◆ **Problem to solve**
What is needed is an exact copy of the whole listing below, with no pictures.

◆ **Source material**
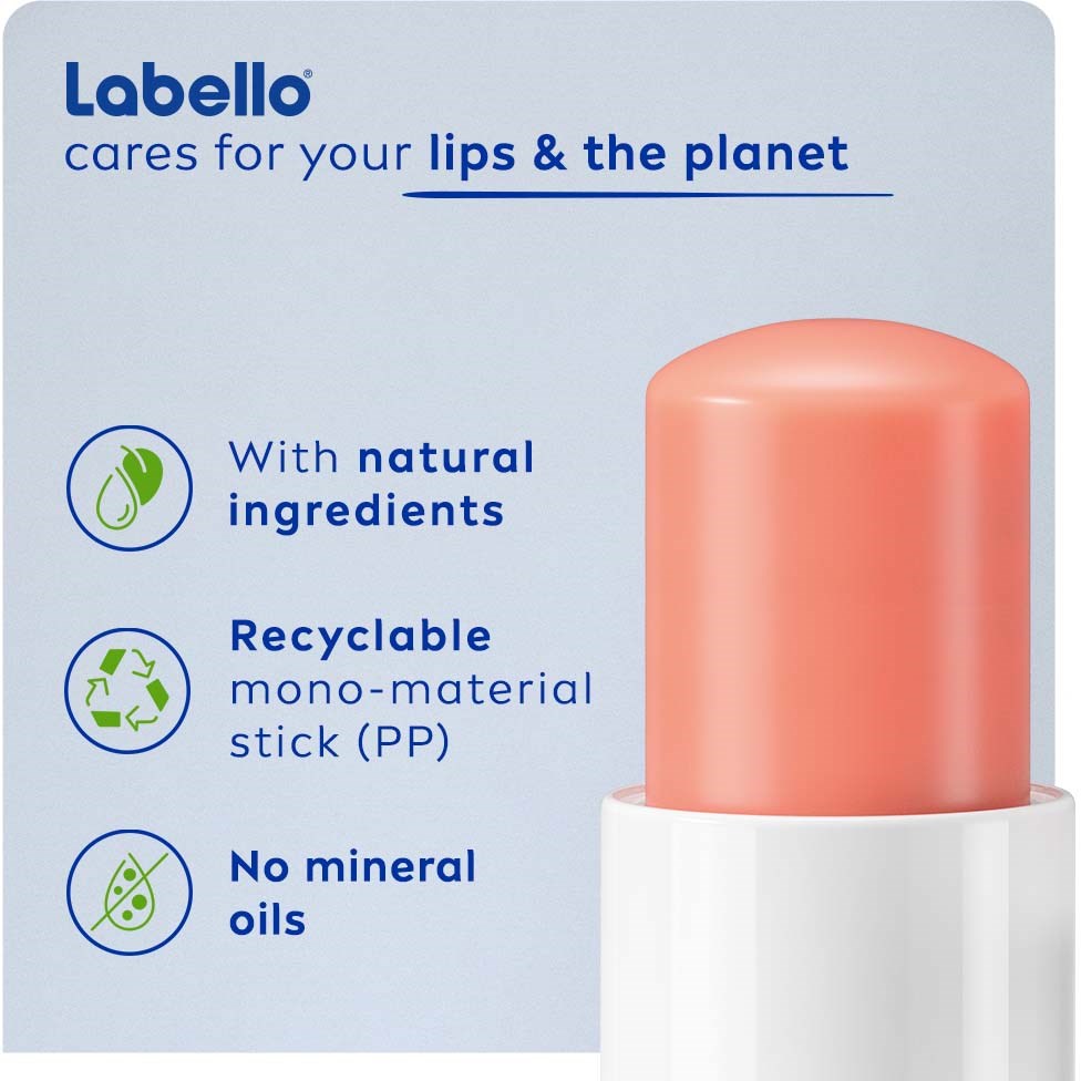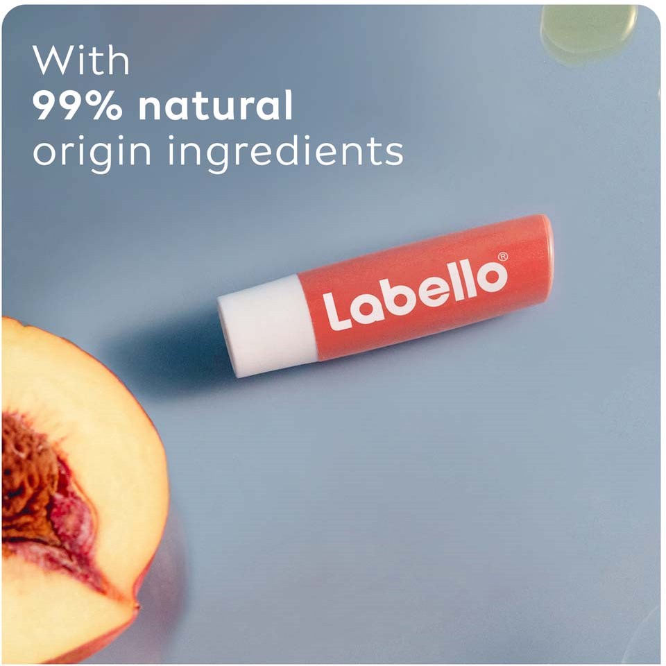 -Balsam do ust z etycznie pozyskiwanym masłem shea-Zapach brzoskwini i koralowy blask dla pięknych ust-Z naturalnymi olejami wzbogaconymi witaminami-Nawilża usta przez 24 godziny-Nowa, ulepszona i bardziej efektywna formuła-Formuła wegańska – wolna od składników pochodzenia zwierzęcegoSMAK + NAWILŻENIE + ODROBINA KOLORU w produkcie do ust? TAK, z Labello® Peach Shine Lip Balm! Balsam do ust ma delikatny zapach świeżej brzoskwini i nadaje ustom subtelny koralowy blask. Dodatkowo utrzymuje usta nawilżone przez 24h oraz chroni przed zimnem, wiatrem i suchym powietrzem. Klinicznie testowany. Nowa, ulepszona formuła jest wzbogacona o naturalne składniki i etycznie pozyskiwane masło shea. Balsam do ust zawiera również naturalne oleje i witaminy. Unikalna formuła ma przyjemną konsystencję, która natychmiast topnieje na ustach i utrzymuje je nawilżone. Balsam wspiera barierę skórną ust przed czynnikami zewnętrznymi oraz chroni je przed wysuszeniem. Formuła wegańska – wolna od składników pochodzenia zwierzęcego. Dermatologicznie testowany i odpowiedni dla wszystkich typów skóry. Ciesz się pięknymi, miękkimi i świeżymi ustami przez cały dzień, każdego dnia!
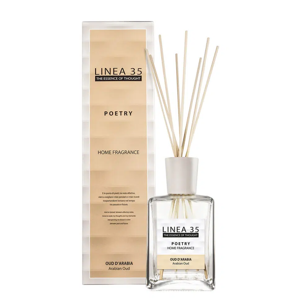 LINEA 35 OUD D’ARABIA kvapų difuzorius – tai intymi kelionė per rytietiškų kvapų pasaulį, kur saulės nutvieksti citrusai susitinka su šiltais medienos ir prieskonių tonais. Šis aromatas skleidžia prabangos, paslaptingumo ir jaukios tylos pojūtį, užpildydamas erdvę subtiliu išskirtinumo dvelksmu.
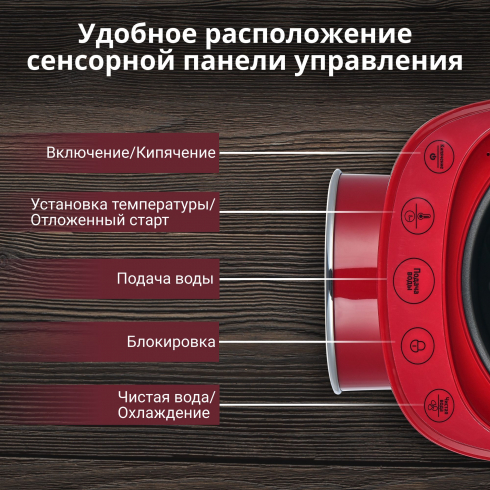 Функция быстрого охлаждения позволяет оперативно снизить температуру воды до нужного уровня сразу после кипячения. Все детали, соприкасающиеся с водой, выполнены из безопасных и экологичных материалов. Внутренняя колба из нержавеющей стали имеет специальное покрытие, предотвращающее образование накипи и коррозии, что особенно важно при использовании обычной водопроводной воды. Уход за прибором упрощается благодаря съёмной крышке.
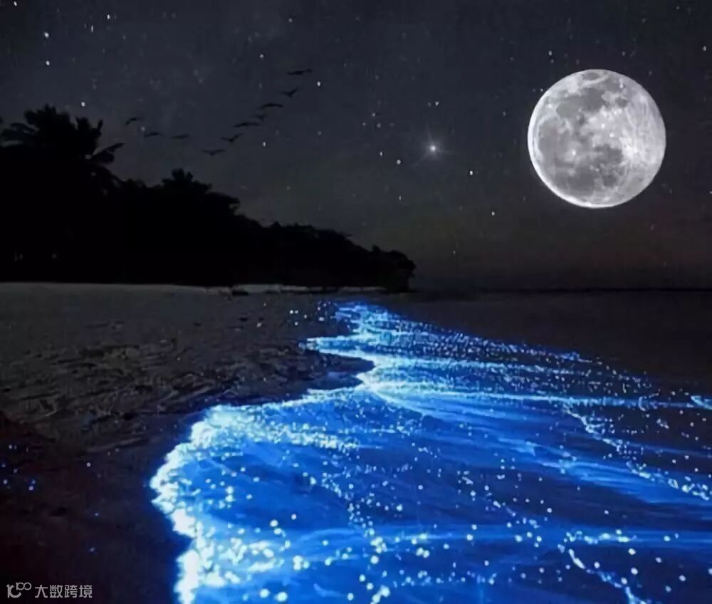看着这张图,晚上的海水竟然发出耀眼的蓝色,闪闪发光,令人眩目。
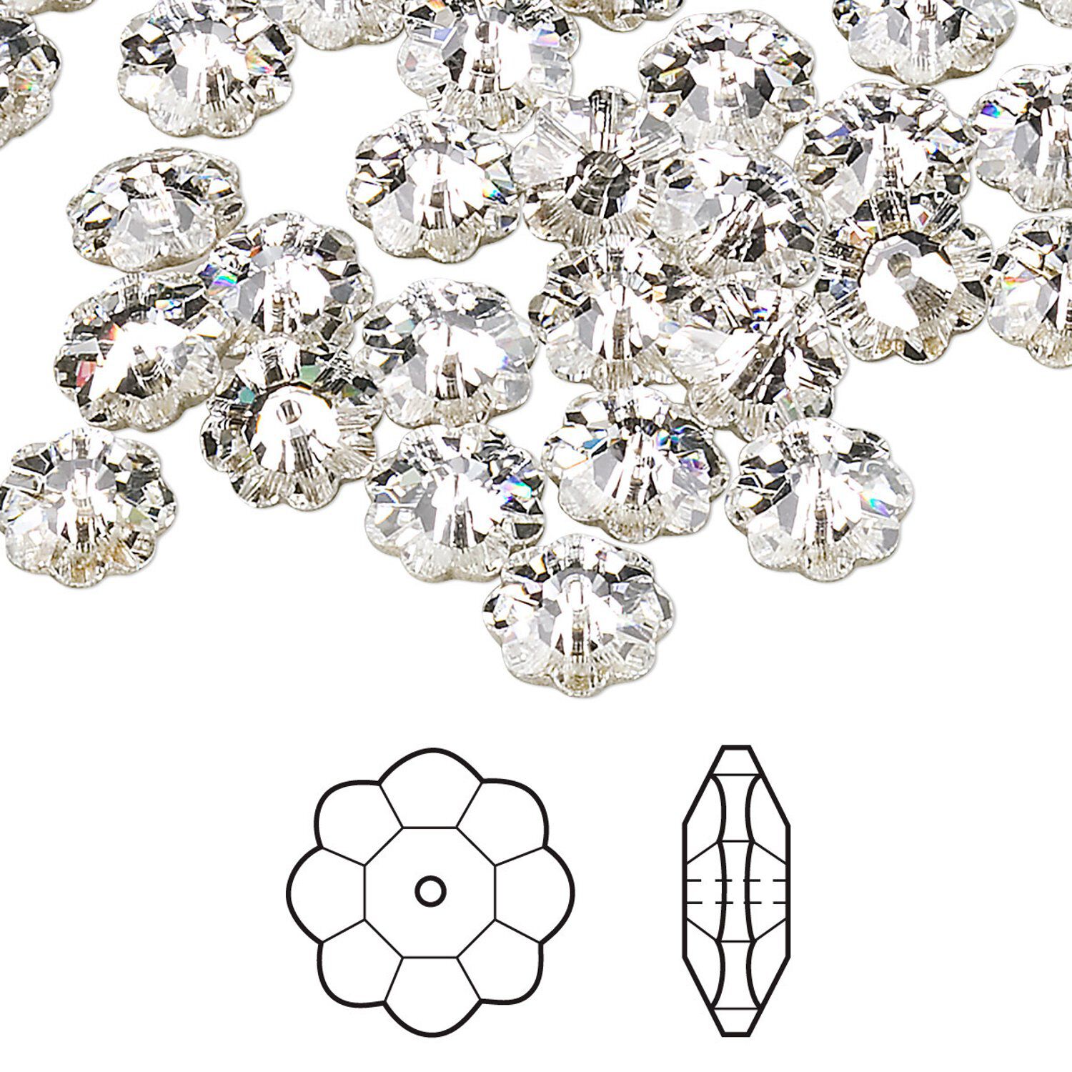 Design with Crystal Passions'® fun sew-on style. The sparkling flowers, known as "margaritas," are center-drilled for use as buttons, sew-on embellishments for purses, bags, hats, scarves, jeans, shirts ... or use as jewelry components and group together for a tiny bouquet.

◆ **Task answer**
 -Balsam do ust z etycznie pozyskiwanym masłem shea-Zapach brzoskwini i koralowy blask dla pięknych ust-Z naturalnymi olejami wzbogaconymi witaminami-Nawilża usta przez 24 godziny-Nowa, ulepszona i bardziej efektywna formuła-Formuła wegańska – wolna od składników pochodzenia zwierzęcegoSMAK + NAWILŻENIE + ODROBINA KOLORU w produkcie do ust? TAK, z Labello® Peach Shine Lip Balm! Balsam do ust ma delikatny zapach świeżej brzoskwini i nadaje ustom subtelny koralowy blask. Dodatkowo utrzymuje usta nawilżone przez 24h oraz chroni przed zimnem, wiatrem i suchym powietrzem. Klinicznie testowany. Nowa, ulepszona formuła jest wzbogacona o naturalne składniki i etycznie pozyskiwane masło shea. Balsam do ust zawiera również naturalne oleje i witaminy. Unikalna formuła ma przyjemną konsystencję, która natychmiast topnieje na ustach i utrzymuje je nawilżone. Balsam wspiera barierę skórną ust przed czynnikami zewnętrznymi oraz chroni je przed wysuszeniem. Formuła wegańska – wolna od składników pochodzenia zwierzęcego. Dermatologicznie testowany i odpowiedni dla wszystkich typów skóry. Ciesz się pięknymi, miękkimi i świeżymi ustami przez cały dzień, każdego dnia!
 LINEA 35 OUD D’ARABIA kvapų difuzorius – tai intymi kelionė per rytietiškų kvapų pasaulį, kur saulės nutvieksti citrusai susitinka su šiltais medienos ir prieskonių tonais. Šis aromatas skleidžia prabangos, paslaptingumo ir jaukios tylos pojūtį, užpildydamas erdvę subtiliu išskirtinumo dvelksmu.
 Функция быстрого охлаждения позволяет оперативно снизить температуру воды до нужного уровня сразу после кипячения. Все детали, соприкасающиеся с водой, выполнены из безопасных и экологичных материалов. Внутренняя колба из нержавеющей стали имеет специальное покрытие, предотвращающее образование накипи и коррозии, что особенно важно при использовании обычной водопроводной воды. Уход за прибором упрощается благодаря съёмной крышке.
看着这张图,晚上的海水竟然发出耀眼的蓝色,闪闪发光,令人眩目。
 Design with Crystal Passions'® fun sew-on style. The sparkling flowers, known as "margaritas," are center-drilled for use as buttons, sew-on embellishments for purses, bags, hats, scarves, jeans, shirts ... or use as jewelry components and group together for a tiny bouquet.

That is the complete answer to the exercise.